U.S. electricity demand is surging at a pace not seen in decades, with AI-driven data centers emerging as one of the main culprits.

According to the U.S. Energy Information Administration (EIA), power consumption from large-scale computing facilities could more than double by 2030, straining grids already under pressure from electrification targets and renewable integration. Against this backdrop, Google and California-based Kairos Power announced plans to build an advanced nuclear reactor in Oak Ridge, Tennessee—marking a rare corporate-led entry into Generation IV nuclear deployment.

The Oak Ridge facility is designed to supply up to 500 megawatts of firm capacity under a long-term agreement with the Tennessee Valley Authority (TVA). While framed in terms of household equivalence—enough to power roughly 350,000 homes—the true driver is Google’s growing fleet of AI data centers in Tennessee and Alabama. The company’s decision reflects a wider trend: hyperscale operators are increasingly willing to underwrite capital-intensive energy projects that provide guaranteed baseload power, bypassing the intermittency challenges of wind and solar.

Kairos Power’s reactor design is part of a class of high-temperature, fluoride-salt-cooled small modular reactors, developed under the U.S. Department of Energy’s Advanced Reactor Demonstration Program. Unlike conventional pressurised water reactors, Kairos’s system operates at lower pressures with higher thermal efficiency, theoretically reducing both meltdown risks and cooling requirements. Yet, while often described as “safer” and “more sustainable,” these technologies remain unproven at scale. No Generation IV reactor has yet reached commercial operation in the U.S., underscoring the regulatory and financing hurdles ahead.

For TVA, the deal marks the first utility-led power purchase agreement (PPA) tied to advanced nuclear—a notable departure from traditional cost-of-service models that have historically shielded utilities from project risk. The inclusion of a corporate anchor buyer like Google suggests a hybrid financing template may emerge, where Big Tech demand guarantees provide the revenue certainty needed to move reactors from pilot to deployment.

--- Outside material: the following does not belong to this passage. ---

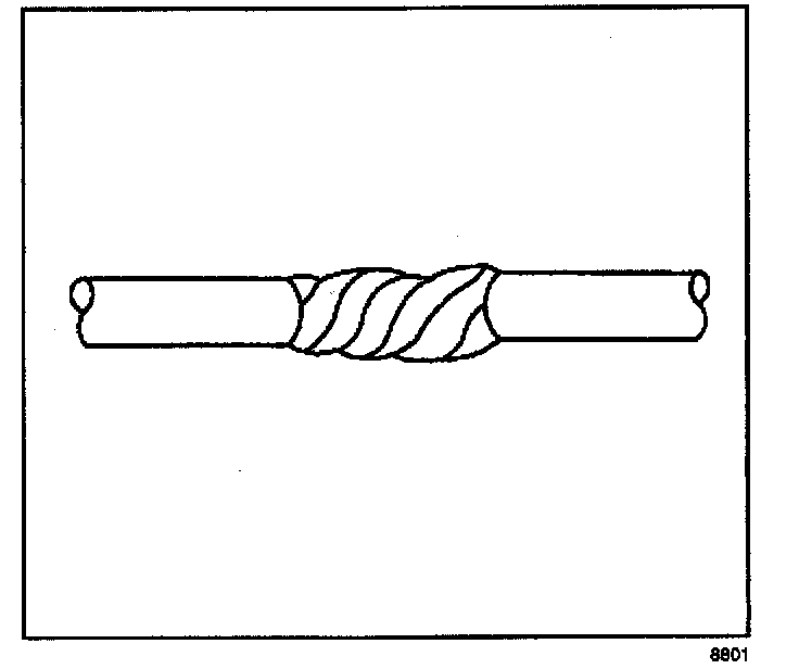 2. Unwrap the tape. Do not remove the tape. Use the tape in order to rewrap the twisted conductors after the splice is made.

The geopolitical dimension is equally important. U.S. Energy Secretary Chris Wright framed the initiative as essential for “AI dominance and energy leadership,” aligning nuclear deployment with both industrial competitiveness and national security. That positioning signals that data centre demand is not just an operational concern for utilities but a strategic issue for U.S. energy policy. With China already piloting commercial molten salt reactors, the Tennessee project represents both a test case for technology readiness and a statement about U.S. intent to remain competitive in advanced nuclear.